-- The task --
The records below are to be reproduced exactly, and no picture should appear in the copy.

START Provided records

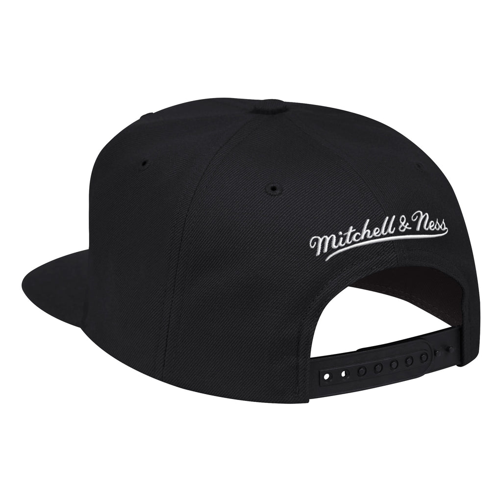 Rep your favorite pro basketball team when you wear a snapback cap from Mitchell & Ness. 100% polyester construction with high crown with raised embroidered team logo at front, contrasting grey under visor, and adjustable snapback closure at back. One size fits most.
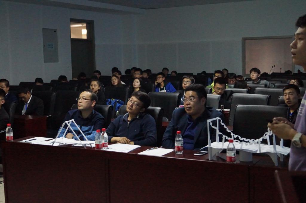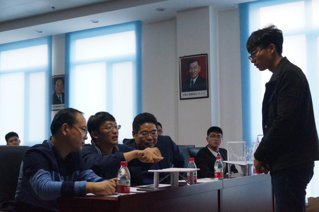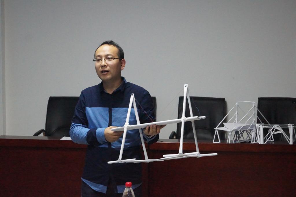 在本次复赛中,每个参赛小组由小组代表上台通过PPT展示作品图片及其构造,并且结合已完成的作品模型解说其设计原理、特性与现实原型。随后由老师们对复赛作品进行现场点评,他们从纸桥的承载能力、外形特征、力学原理等多个方面对于作品进行了分析与评价,权老师还有针对性地指出了上交作品的优、劣势,并给出技术上的指导与改进意见。
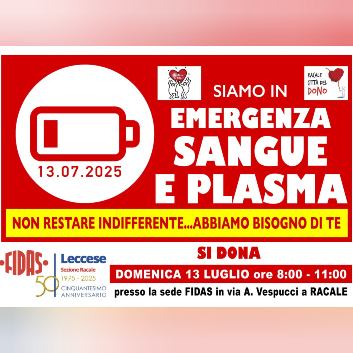 Categorie Donazioni Donazione 13 Luglio Autore articolo Di FIDAS Racale Data dell'articolo 4 Luglio 2025 Si dona il sangue Domenica 13 Luglio dalle ore 08:00 alle ore 11:00 presso la nostra sede Leggi... "Donazione 13 Luglio"
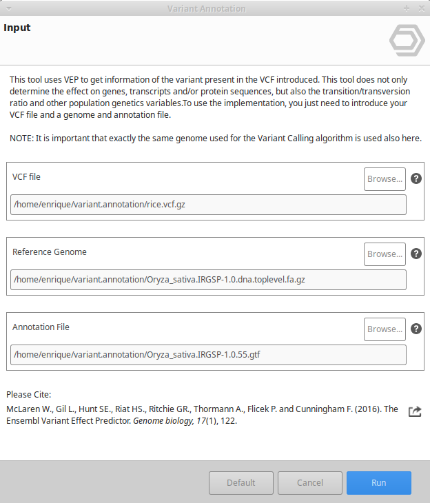 This tool can be found under Genetic Variation → Variant Annotation.The wizard consists of just one page to introduce some the inputs.
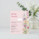 Flores cor-de-rosa cruzam menina Primeiro convite
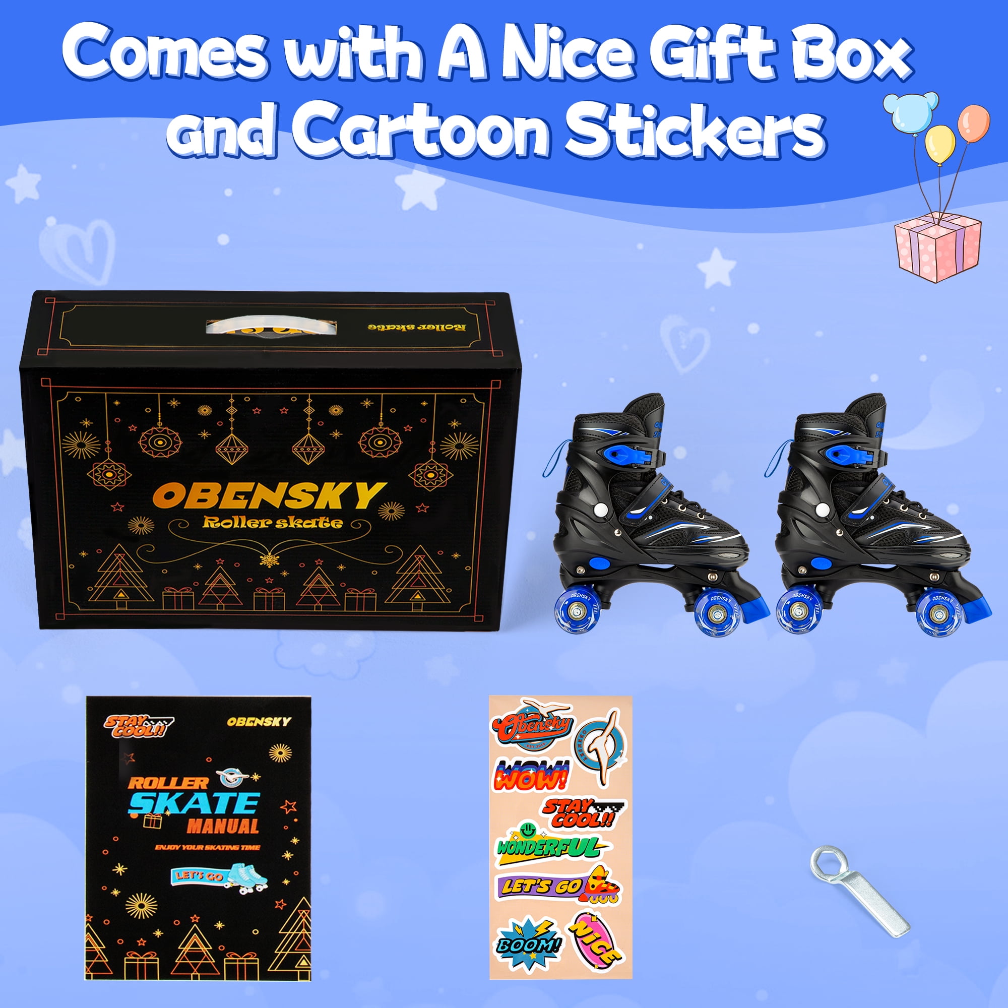 4 SIZE ADJUSTABLE: Easy and concenient 1 push button to adjust different sizes, OBENSKY roller skates for kids toddler can be adjusted to 4 different sizes to fit different foot lengths easily. They are perfect choice for your kid’s growing feet. We have 3 sizes (S/M/L) for choosing, please must confirm the size before placing the order. 8 WHEELS ILLUMINATING: All wheels will shine when sliding. Especially at night, when your child puts on the quad roller skates, it is absolutely hard to resist the feeling like a star, and he will more confident and thrilled. The most convenient thing is that the wheels’ light are self-generated without any battery required. DURABLE & COMFORTABLE: Designed with triple protective, strap, buckle and shoelace are together to keep feet in the most comfortable position, give more support to your ankle, reduce fatigue and ensure safety. 82A PU wheels and ABEC-7 bearings are durable that re perfect for both indoor rink use and outdoor street skating. Procide safe ankle support and protece you along the way. PERFECT GIFTS for KIDS: Beautiful gift box packaging, exquisite cartoon pattern design, unique shining fabric, fashionable color matching, this is our roller skates. Which is lovely and dazzling, be loved by boys and girls, Designed with two row wheels are more stable and easy for kids beginners, That exactly a best gift for kids or friends in birthdays, holidays and special enents. BEAUTIFUL STICKERS for FREE: This set inclueds the fun and colourful stickers. It is free for OBENSKY fans and colourful stickers. You can stick stickers on shoes or other places. make it your unique skates.
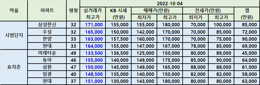 그러나 서현동 효자촌 마을의 매매가는 아직도 하락을 하고 있습니다.
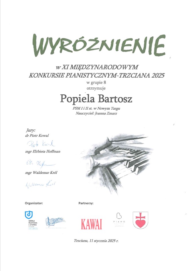 Bartosz Popiela uczeń z klasy fortepianu Pani Joanny Zmarz – wyróżnienie
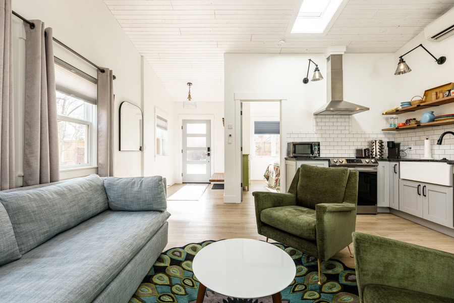 Pamper yourself in a luxurious 700 sq ft single family home in the heart of the North End. Creative touches welcome you in this home away from home, such as Viking appliances, countertops made of wood from a bowling alley and barn doors to separate the rooms. Go socialize with a two-block walk to 13th St Pub and Hyde Park just a few blocks away. Orshut out the world with a romantic gas powered fireplace, 800 Mbps Internet and high tech touches like Alexa Show. Ride an available cruiser bike!
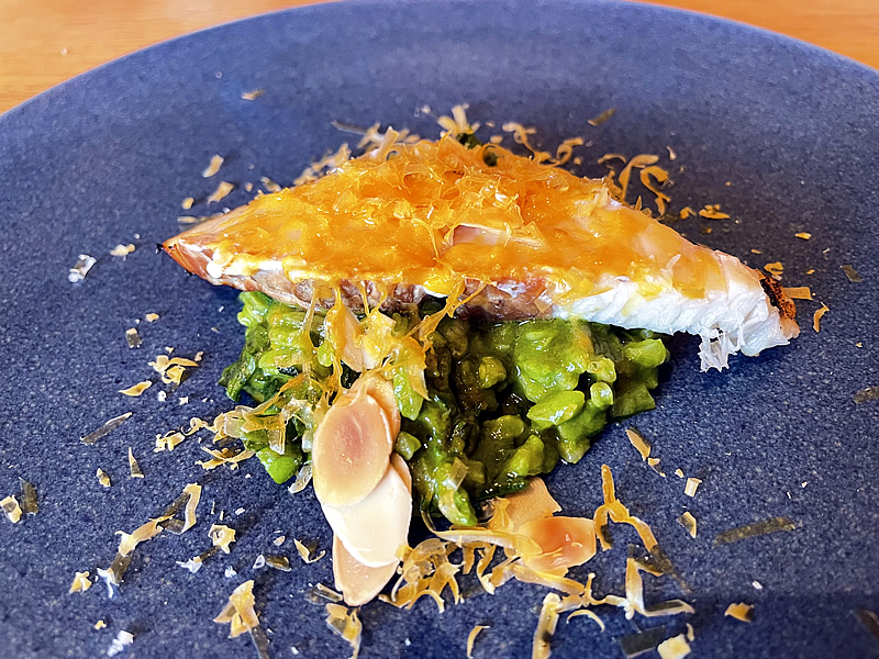 6.「カルナローリ米のリゾット 鰆のアフミカータ 春菊」カルナローリ米というイタリアの品種のお米は、なんと佐川町産とか!それに春菊を合わせてリゾットにしています。上には鰆(さわら)の燻製とミモレットチーズ、アーモンドのローストなど、様々な食感と味わいが広がります。鰆の燻製は素晴らしい香りで、食欲がそそられました。
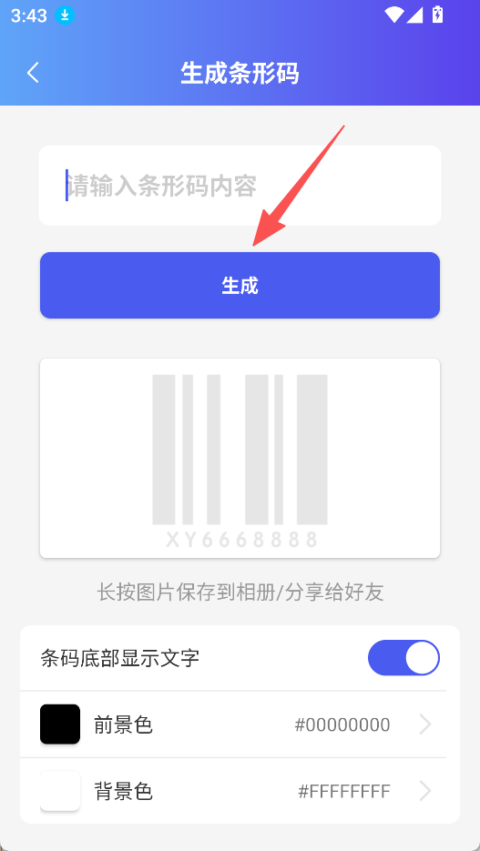1、支持生成条形码,可保存或分享,还能设置条码底部文字、前景色和背景色。
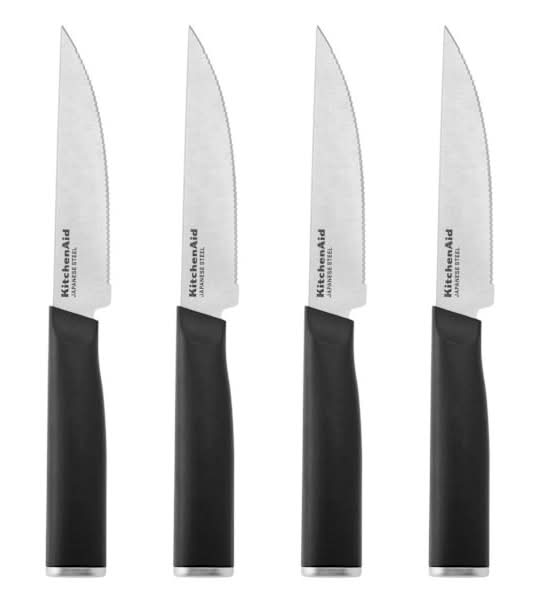 A slice of precision for every steak lover. Revamp your steak dining experience with the KitchenAid 4-Piece Classic Steak Knife Set. Crafted with utmost precision, these stylish steak knives effortlessly glide through even the juiciest cuts, ensuring a seamless and enjoyable dining experience. Combining sleek black handles with sharp metal blades, these knives not only look great but also promise long-lasting durability. Whether you're treating yourself to a mouthwatering ribeye or impressing guests with a perfectly cooked filet mignon, this knife set is your secret weapon in creating unforgettable dining moments. Effortlessly slices through meats for a flawless dining experience. Set includes four knives, perfect for steak nights with family and friends.Metal blades and plastic handles ensure long-lasting performance. Box measures 13in. L × 5.6in. W × 1in. H.
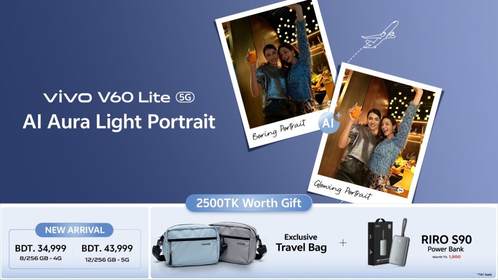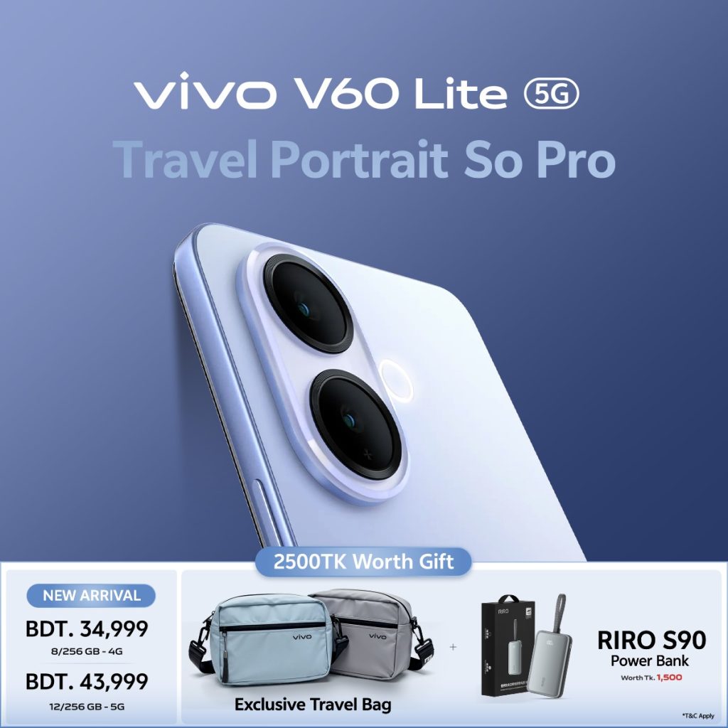 আকর্ষণীয় অফারের সাথে বাজারে এসেছে ভিভো ভি৬০ লাইট। ফাইভজি এবং ফোরজি দুটি সংস্করণে ফোনের দাম যথাক্রমে ৪৩,৯৯৯ টাকা ও ৩৪,৯৯৯ টাকা। ক্রেতারা পাচ্ছেন ২৫০০ টাকার বিশেষ গিফট প্যাক জেতার সুযোগ, যাতে রয়েছে স্টাইলিশ ট্রাভেল ব্যাগ এবং রিরো এস৯০ পাওয়ার ব্যাংক। এছাড়া, ক্রেডিট কার্ড ছাড়াই মাত্র ৭,০০০ টাকা থেকে মোমো কিস্তিতে ফোনটি কেনা যাবে।

END Provided records

-- Exercise output --
 Rep your favorite pro basketball team when you wear a snapback cap from Mitchell & Ness. 100% polyester construction with high crown with raised embroidered team logo at front, contrasting grey under visor, and adjustable snapback closure at back. One size fits most.
 在本次复赛中,每个参赛小组由小组代表上台通过PPT展示作品图片及其构造,并且结合已完成的作品模型解说其设计原理、特性与现实原型。随后由老师们对复赛作品进行现场点评,他们从纸桥的承载能力、外形特征、力学原理等多个方面对于作品进行了分析与评价,权老师还有针对性地指出了上交作品的优、劣势,并给出技术上的指导与改进意见。
 Categorie Donazioni Donazione 13 Luglio Autore articolo Di FIDAS Racale Data dell'articolo 4 Luglio 2025 Si dona il sangue Domenica 13 Luglio dalle ore 08:00 alle ore 11:00 presso la nostra sede Leggi... "Donazione 13 Luglio"
 This tool can be found under Genetic Variation → Variant Annotation.The wizard consists of just one page to introduce some the inputs.
 Flores cor-de-rosa cruzam menina Primeiro convite
 4 SIZE ADJUSTABLE: Easy and concenient 1 push button to adjust different sizes, OBENSKY roller skates for kids toddler can be adjusted to 4 different sizes to fit different foot lengths easily. They are perfect choice for your kid’s growing feet. We have 3 sizes (S/M/L) for choosing, please must confirm the size before placing the order. 8 WHEELS ILLUMINATING: All wheels will shine when sliding. Especially at night, when your child puts on the quad roller skates, it is absolutely hard to resist the feeling like a star, and he will more confident and thrilled. The most convenient thing is that the wheels’ light are self-generated without any battery required. DURABLE & COMFORTABLE: Designed with triple protective, strap, buckle and shoelace are together to keep feet in the most comfortable position, give more support to your ankle, reduce fatigue and ensure safety. 82A PU wheels and ABEC-7 bearings are durable that re perfect for both indoor rink use and outdoor street skating. Procide safe ankle support and protece you along the way. PERFECT GIFTS for KIDS: Beautiful gift box packaging, exquisite cartoon pattern design, unique shining fabric, fashionable color matching, this is our roller skates. Which is lovely and dazzling, be loved by boys and girls, Designed with two row wheels are more stable and easy for kids beginners, That exactly a best gift for kids or friends in birthdays, holidays and special enents. BEAUTIFUL STICKERS for FREE: This set inclueds the fun and colourful stickers. It is free for OBENSKY fans and colourful stickers. You can stick stickers on shoes or other places. make it your unique skates.
 그러나 서현동 효자촌 마을의 매매가는 아직도 하락을 하고 있습니다.
 Bartosz Popiela uczeń z klasy fortepianu Pani Joanny Zmarz – wyróżnienie
 Pamper yourself in a luxurious 700 sq ft single family home in the heart of the North End. Creative touches welcome you in this home away from home, such as Viking appliances, countertops made of wood from a bowling alley and barn doors to separate the rooms. Go socialize with a two-block walk to 13th St Pub and Hyde Park just a few blocks away. Orshut out the world with a romantic gas powered fireplace, 800 Mbps Internet and high tech touches like Alexa Show. Ride an available cruiser bike!
 6.「カルナローリ米のリゾット 鰆のアフミカータ 春菊」カルナローリ米というイタリアの品種のお米は、なんと佐川町産とか!それに春菊を合わせてリゾットにしています。上には鰆(さわら)の燻製とミモレットチーズ、アーモンドのローストなど、様々な食感と味わいが広がります。鰆の燻製は素晴らしい香りで、食欲がそそられました。
1、支持生成条形码,可保存或分享,还能设置条码底部文字、前景色和背景色。
 A slice of precision for every steak lover. Revamp your steak dining experience with the KitchenAid 4-Piece Classic Steak Knife Set. Crafted with utmost precision, these stylish steak knives effortlessly glide through even the juiciest cuts, ensuring a seamless and enjoyable dining experience. Combining sleek black handles with sharp metal blades, these knives not only look great but also promise long-lasting durability. Whether you're treating yourself to a mouthwatering ribeye or impressing guests with a perfectly cooked filet mignon, this knife set is your secret weapon in creating unforgettable dining moments. Effortlessly slices through meats for a flawless dining experience. Set includes four knives, perfect for steak nights with family and friends.Metal blades and plastic handles ensure long-lasting performance. Box measures 13in. L × 5.6in. W × 1in. H.
 আকর্ষণীয় অফারের সাথে বাজারে এসেছে ভিভো ভি৬০ লাইট। ফাইভজি এবং ফোরজি দুটি সংস্করণে ফোনের দাম যথাক্রমে ৪৩,৯৯৯ টাকা ও ৩৪,৯৯৯ টাকা। ক্রেতারা পাচ্ছেন ২৫০০ টাকার বিশেষ গিফট প্যাক জেতার সুযোগ, যাতে রয়েছে স্টাইলিশ ট্রাভেল ব্যাগ এবং রিরো এস৯০ পাওয়ার ব্যাংক। এছাড়া, ক্রেডিট কার্ড ছাড়াই মাত্র ৭,০০০ টাকা থেকে মোমো কিস্তিতে ফোনটি কেনা যাবে।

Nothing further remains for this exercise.